Bruce Feller’s Home is a Museum of Antique Finds

Bruce Feller's Antique Collection

About 30 years ago, Bruce Feller and his wife found a home in an old community in Long Island – the first home  they occupied, which had a library. “There were no books, but my wife wanted to fill the library with books!” shares Bruce. “That was our first foray into the world of collectibles.” The house dated back to 1910, so the two of them resolved to bring in books with a publication date of 1910 or earlier.

In New York City, they visited a famous bookstore called The Strand. “That became our date night!” Bruce says. They would wander over to The Strand after dinner and select books – not ones of particularly high value. It was fine graphics and beautiful interior illustration that held their interest. “We collected a couple hundred books in a short time. That was the genesis!” Bruce explains.

From there, they moved on to a new goal: to fill their home with special objects that were over 100 years old. They started with the kitchen, and the focus was on filling the room with items that would make sense to find in the kitchen. They collected coffee tins, spices, and more until the kitchen was filled. They continued to go from room to room until the entire house was filled with things that belonged in a room of that type.

“My wife and I carry the same worldview when it comes to clutter and filling the house with antiques,” Bruce says, noting that this is perhaps the reason why their relationship works so well. “We continue to be very enthusiastic about it!” They go to antiques shows within a couple of hundred miles of their home in order to amass more items for their collection. “We are in retirement at this point, so our time is largely our own,” Bruce says of his ability to spend so much time at antiques shows.

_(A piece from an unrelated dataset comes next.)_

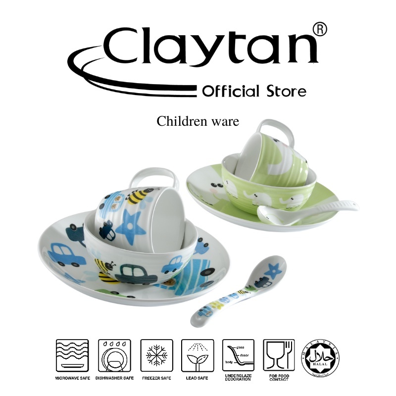 CLAYTAN 4pcs Children ware Set (1 Pax) Anti Bacterial Lead Safe Ceramic Tableware - Fun Cars

A huge portion of their collection is comprised of apothecary glass, which is glassware originally used by pharmacists to hold medicines, and watermelon glass, which is a depression glass where the base is green and the rest of the vessel is pink. In Vermont last summer, Bruce and his wife splurged on what is now considered a favorite part of the collection: four large apothecary glass vessels, ball-shaped and with a narrow neck. They were originally used as bulk storage vessels. “That was a find for us!” shares Bruce. “We generally don’t spend a lot on purchases, and these were in the low four figures. We never spend that kind of money – maybe $100 on a mint condition coffee or spice tin.”

Today the collection, which is displayed beautifully throughout their home, has around 2,500 items, and is comprised of a variety of things. There are Amish quilts in the bedroom and an old tool collection occupying the dining room. There is a collection of old agricultural hand tools, which fascinate Bruce for the fact that they were handmade rather than manufactured. There are old barber bottles, advertising tins, stacking blocks, puzzles, and even a few contemporary rocks and butterflies.

“The master bedroom, other than the Amish quilts, is the only room untouched,” shares Bruce. But he notes that in the future, should they ever need to find more real estate for the collection, he knows exactly where to go next.